SuperKogito commented 1 month ago

I am trying to predict certain function coefficients (output: a, b) based on its curve (input: frequency_response) with the help of https://github.com/Blealtan/efficient-kan (Kolmogorov-Arnold Network).

enter image description here

Unfortunately my loss is constant and is not improving at all. Any idea what am I doing wrong here? This problem was previously approached using MLP, hence I am hoping KANs can provide a better solution. My code is the following:


import time
import torch
import numpy as np
from tqdm import tqdm
from torchaudio.functional import lfilter
from torch.optim import Adam, lr_scheduler

from efficient_kan.kan import KAN

# Set the device
hardware = "cpu"
device = torch.device(hardware)

class FilterNet(torch.nn.Module):
    def __init__(self, input_size, hidden_size, output_size, num_batches=1, num_biquds=1, num_layers=1, fs=44100):
        super(FilterNet, self).__init__()
        self.eps = 1e-8
        self.fs = fs
        self.dirac = self.get_dirac(fs, 0, grad=True)  # generate a dirac
        self.kan = KAN([input_size, hidden_size, output_size], grid_size=5, spline_order=3)

    def get_dirac(self, size, index=1, grad=False):
        tensor = torch.zeros(size, requires_grad=grad)
        tensor.data[index] = 1
        return tensor

    def compute_filter_magnitude_and_phase_frequency_response(self, dirac, fs, a, b):
        # filter it 
        filtered_dirac = lfilter(dirac, a, b) 
        freqs_response = torch.fft.fft(filtered_dirac)

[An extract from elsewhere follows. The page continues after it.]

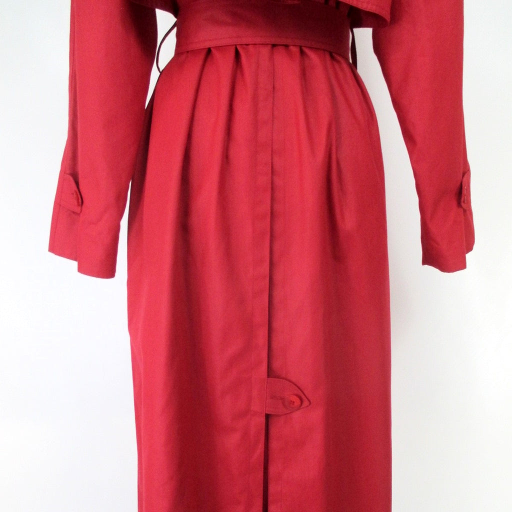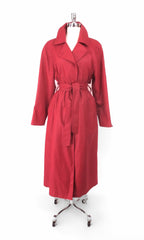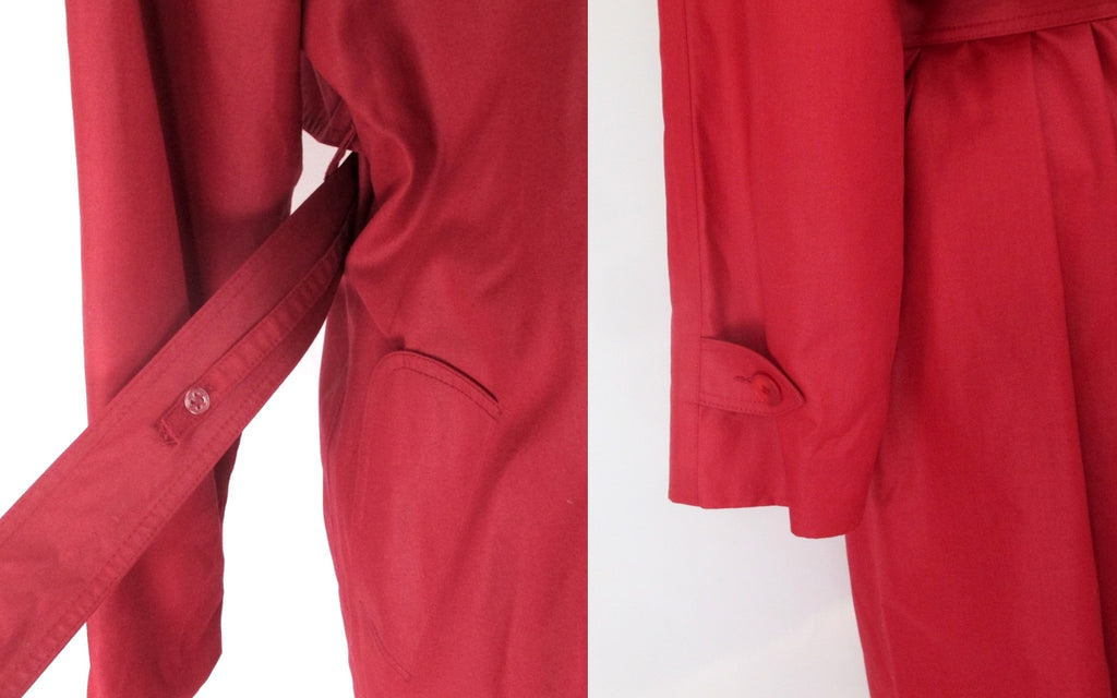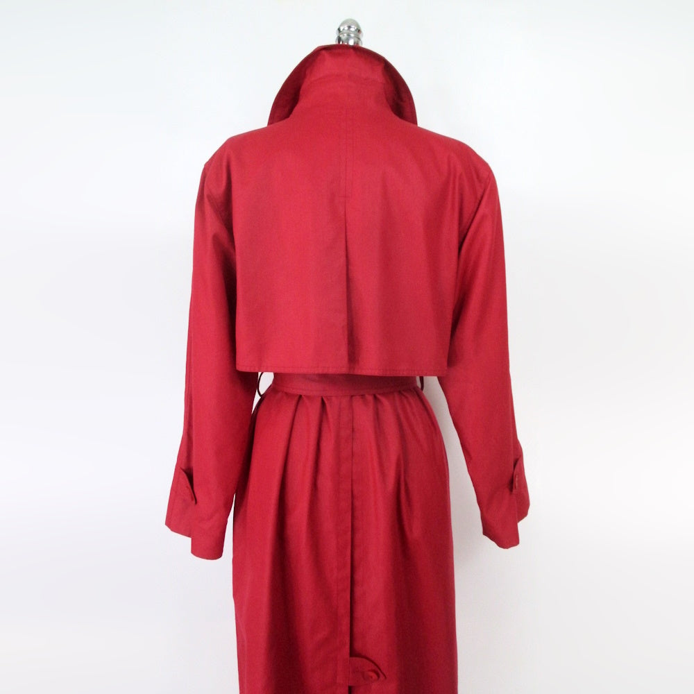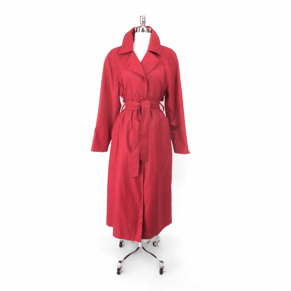 A vintage red trench coat by London Fog, from the 1980's to 90's.

        # compute the frequency axis (positive frequencies only)
        freqs_rad = torch.fft.rfftfreq(filtered_dirac.shape[-1])

        # keep only the positive freqs
        freqs_hz = freqs_rad[:filtered_dirac.shape[-1] // 2] * fs / np.pi
        freqs_response = freqs_response[:len(freqs_hz)]

        # magnitude response 
        mag_response_db = 20 * torch.log10(torch.abs(freqs_response))

        # Phase Response
        phase_response_rad = torch.angle(freqs_response)
        phase_response_deg = phase_response_rad * 180 / np.pi
        return freqs_hz, mag_response_db, phase_response_deg

    def zpk2ba(self, zpk):
        gain    = zpk[0]
        p0_real = zpk[1]
        p0_imag = zpk[2]
        q0_real = zpk[3]
        q0_imag = zpk[4]

        zero = torch.complex(q0_real, q0_imag)
        zero_abs = zero.abs()
        zero = ((1 - self.eps) * zero * torch.tanh(zero_abs)) / (zero_abs + self.eps)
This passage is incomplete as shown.